====== Records

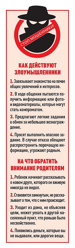 Во время такого общения подростков должен насторожить ряд вещей: во-первых, солидные для его возраста гонорары за незначительные задания вроде отправки фотографий; во-вторых, требования соблюдать секретность и никому не рассказывать ни о заданиях, ни вообще о новом знакомстве.
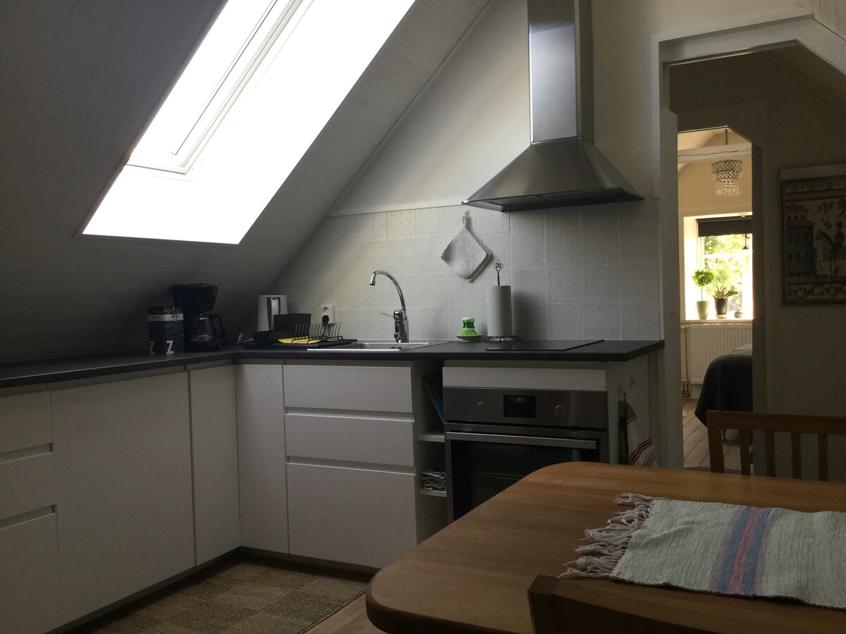 Kellemes és világos tetőtéri lakás, amely a tetőablakon keresztül szellőzik, és négy fő fér el benne. Egy hálószoba franciaággyal és egy konyha kanapéággyal. Séta távolságra a tenger és a strand (150 méter) Jó buszjáratok, közel a buszmegállóhoz. Sétálási és kerékpározási távolság a közeli éttermekhez. Közel más szolgáltatásokhoz. Ha információra van szüksége, örömmel segítünk. Sajnos háziállat!
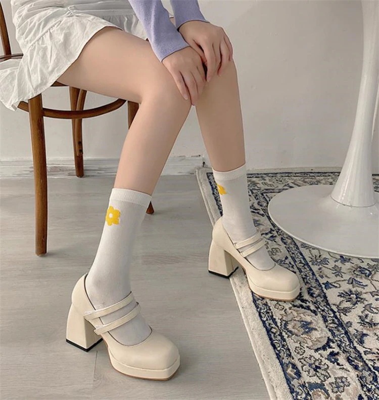 早い者勝ち レトロ メリージェーンの靴 厚いヒール スクエアトゥ 防水プラットフォーム
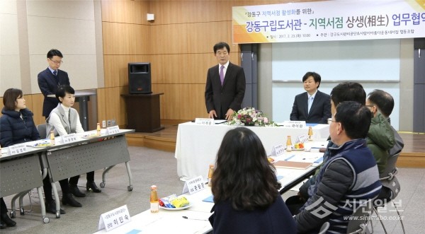 최근 강동구 도시관리공단이 사람이아름다운동네서점 협동조합과 ‘지역서점 활성화를 위한 상생(相生)의 업무협약’을 맺고 지역내 동네서점 살리기에 나섰다. 사진은 양 기관 관계자들이 업무협약을 위해 의견을 나누고 있는 모습.(사진제공=강동구도시관리공단)
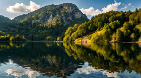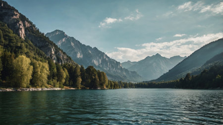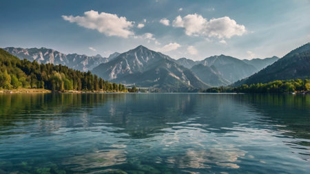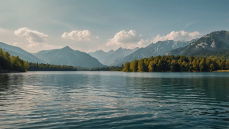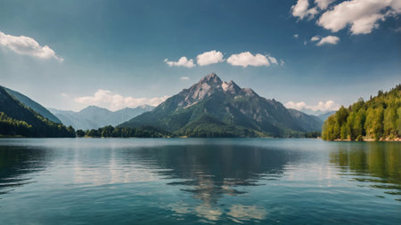 A tranquil lake scene surrounded by majestic mountains and lush greenery, perfect for nature lovers and travel enthusiasts seeking peaceful landscapes.
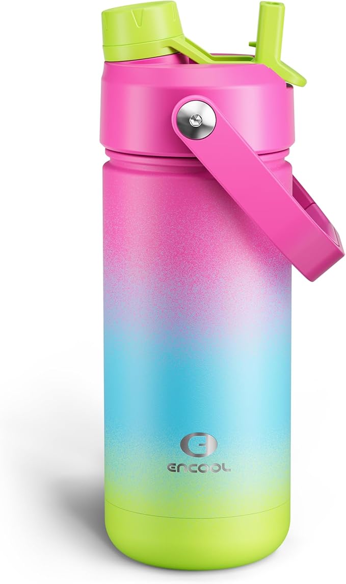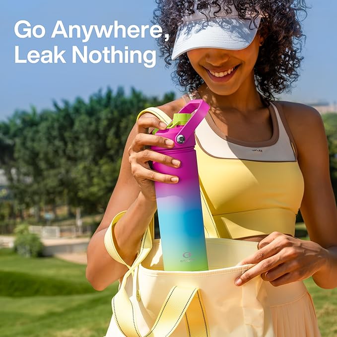 - Sip or Chug, Your Choice: Straw lid for sipping on the go and twist cap for deep hydration, all in one ENCOOL water bottle
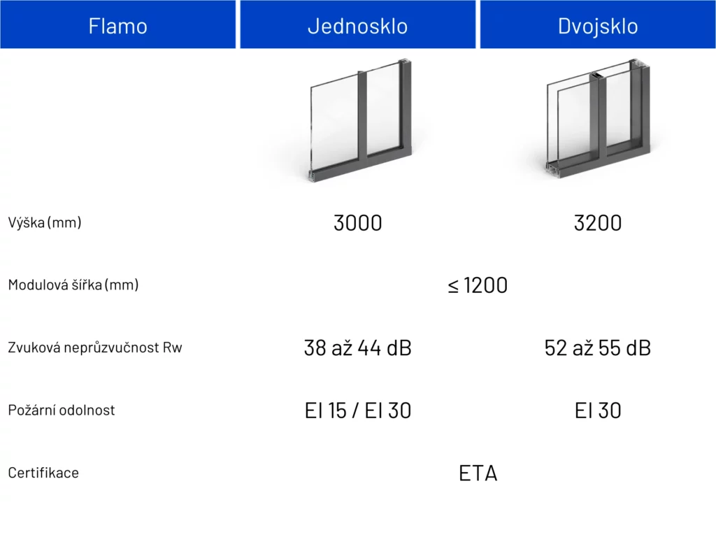 Na výběr je varianta s jednosklem i dvojsklem, podle specifikace projektu. Nehledě na svůj stylový design poskytují stěny ten nejvyšší akustický komfort a splňují přísné bezpečnostní normy.
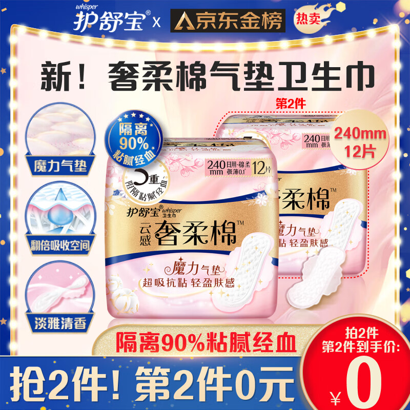 商品: 护舒宝新奢柔棉气垫卫生巾日用240mm*12片姨妈巾淡香超吸抗黏腻
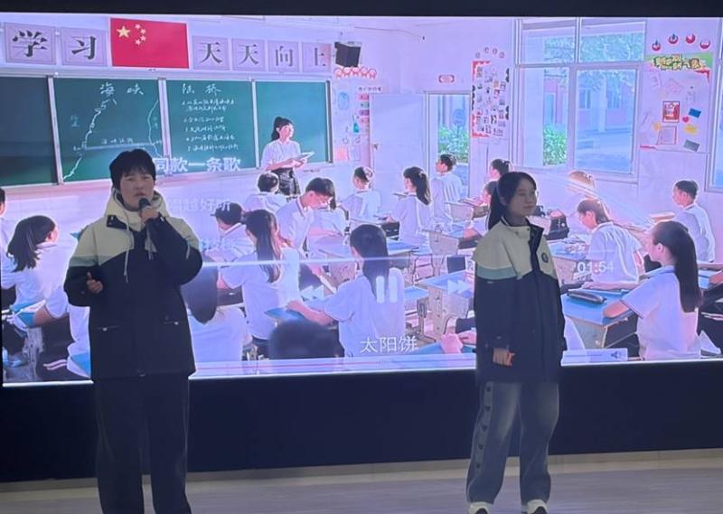 随后,学生们用歌声延续了这份跨越海峡的亲情。高一(64)班的夏雨琪同学和高二(42)班的李诗媛同学登台合唱了歌曲《我们同唱一首歌》,质朴的歌声诠释着海峡两岸血浓于水的情谊。
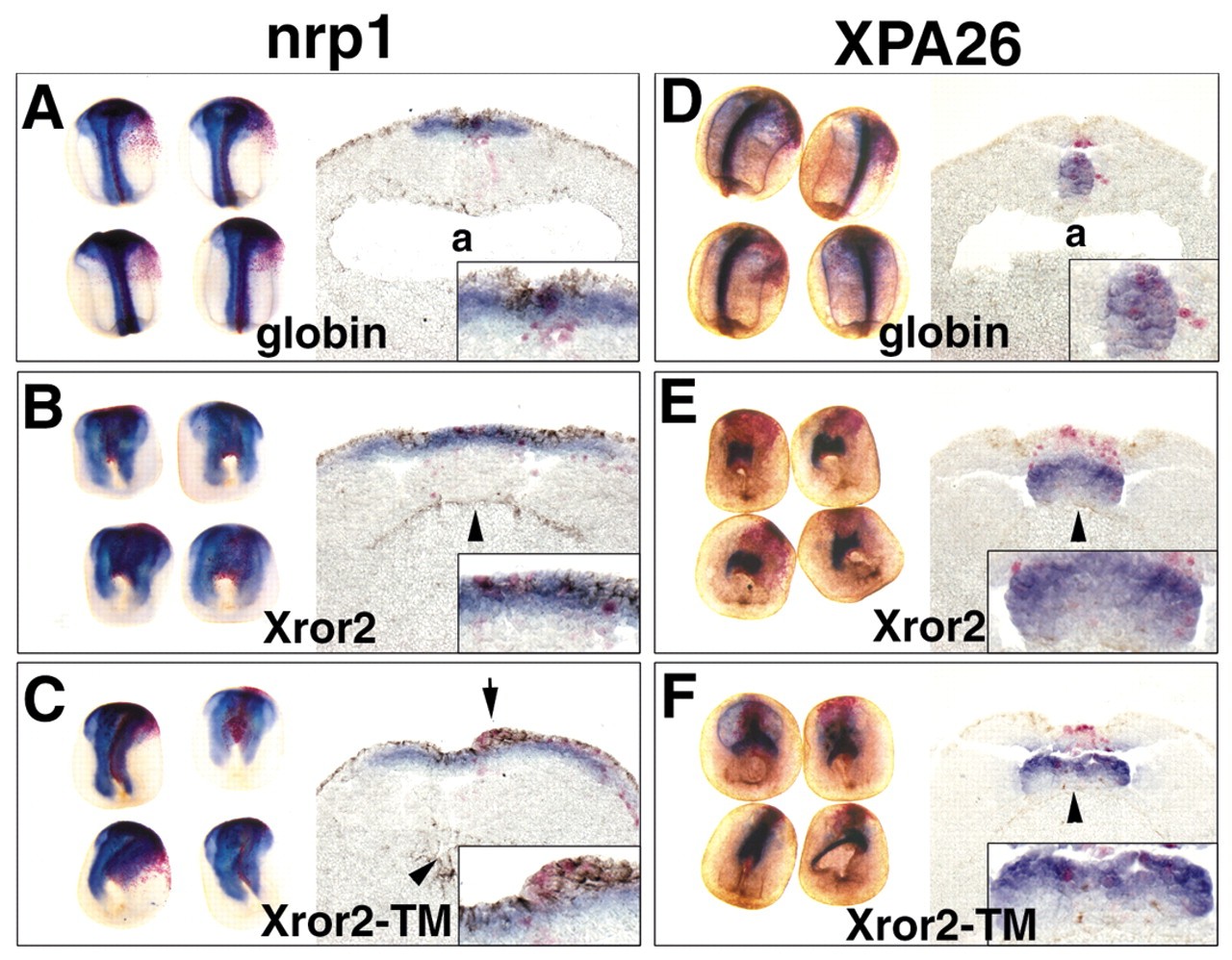 Fig. 6. Wild-type and its intracellular mutants of Xror2 affect convergent extension of neural tissue and notochord but not cell differentiation markers. Embryos were injected with mRNA as indicated, and were subjected at stage 18 to β-gal staining (red) and whole-mount in situ hybridization with pan-neural marker nrp1 (A-C) or notochord marker XPA26 (D-F) as probes. Right panel, sections of stained embryos; inset, higher magnification of neural tissue or notochord region. Expression domains of nrp1 were widened laterally and shortened anteriorly in Xror2- (B) and Xror2-TM- (C) expressing embryos, compared with globin-expressing embryos (A). nrp1 expression was not inhibited in nβ-gal-positive regions of Xror2- (B) and Xror2-TM- (C) expressing embryos (right panel, inset). Expression domains of XPA26 failed to elongate anteriorly and were located near the blastopore in Xror2- (E) and Xror2-TM- (F) expressing embryos, compared with those expressing globin (D) (left panel). Areas of XPA26 expression domains on section are much larger in Xror2- (E) and Xror2-TM- (F) expressing embryos than in globin-expressing embryos (D) (right panel, inset), whereas there is no inhibition of XPA26 expression in nβ-gal-positive regions. a, archenteron; arrowhead, collapsed archenteron; arrow, thickened pigmented epithelial layers of the ectoderm. |
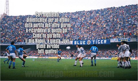 Il pibe de Oro ha voluto ricordare quel giorno attraverso il suo profilo Facebook: "Cari napoletani, dimenticatevi per un attimo della partita dell'altro giorno e ricordatevi di questo gol. Come ho già detto, il mio Napoli, a questa Juve, gliene avrebbe fatti quattro!".

============

» Required work: Could you reproduce exactly, and only, the lines from the start of the records through the line containing "随后,学生们用歌声延续了这份", leaving out the pictures?

» Result of the task:
 Во время такого общения подростков должен насторожить ряд вещей: во-первых, солидные для его возраста гонорары за незначительные задания вроде отправки фотографий; во-вторых, требования соблюдать секретность и никому не рассказывать ни о заданиях, ни вообще о новом знакомстве.
 Kellemes és világos tetőtéri lakás, amely a tetőablakon keresztül szellőzik, és négy fő fér el benne. Egy hálószoba franciaággyal és egy konyha kanapéággyal. Séta távolságra a tenger és a strand (150 méter) Jó buszjáratok, közel a buszmegállóhoz. Sétálási és kerékpározási távolság a közeli éttermekhez. Közel más szolgáltatásokhoz. Ha információra van szüksége, örömmel segítünk. Sajnos háziállat!
 早い者勝ち レトロ メリージェーンの靴 厚いヒール スクエアトゥ 防水プラットフォーム
 최근 강동구 도시관리공단이 사람이아름다운동네서점 협동조합과 ‘지역서점 활성화를 위한 상생(相生)의 업무협약’을 맺고 지역내 동네서점 살리기에 나섰다. 사진은 양 기관 관계자들이 업무협약을 위해 의견을 나누고 있는 모습.(사진제공=강동구도시관리공단)
 A tranquil lake scene surrounded by majestic mountains and lush greenery, perfect for nature lovers and travel enthusiasts seeking peaceful landscapes.
 - Sip or Chug, Your Choice: Straw lid for sipping on the go and twist cap for deep hydration, all in one ENCOOL water bottle
 Na výběr je varianta s jednosklem i dvojsklem, podle specifikace projektu. Nehledě na svůj stylový design poskytují stěny ten nejvyšší akustický komfort a splňují přísné bezpečnostní normy.
 商品: 护舒宝新奢柔棉气垫卫生巾日用240mm*12片姨妈巾淡香超吸抗黏腻
 随后,学生们用歌声延续了这份跨越海峡的亲情。高一(64)班的夏雨琪同学和高二(42)班的李诗媛同学登台合唱了歌曲《我们同唱一首歌》,质朴的歌声诠释着海峡两岸血浓于水的情谊。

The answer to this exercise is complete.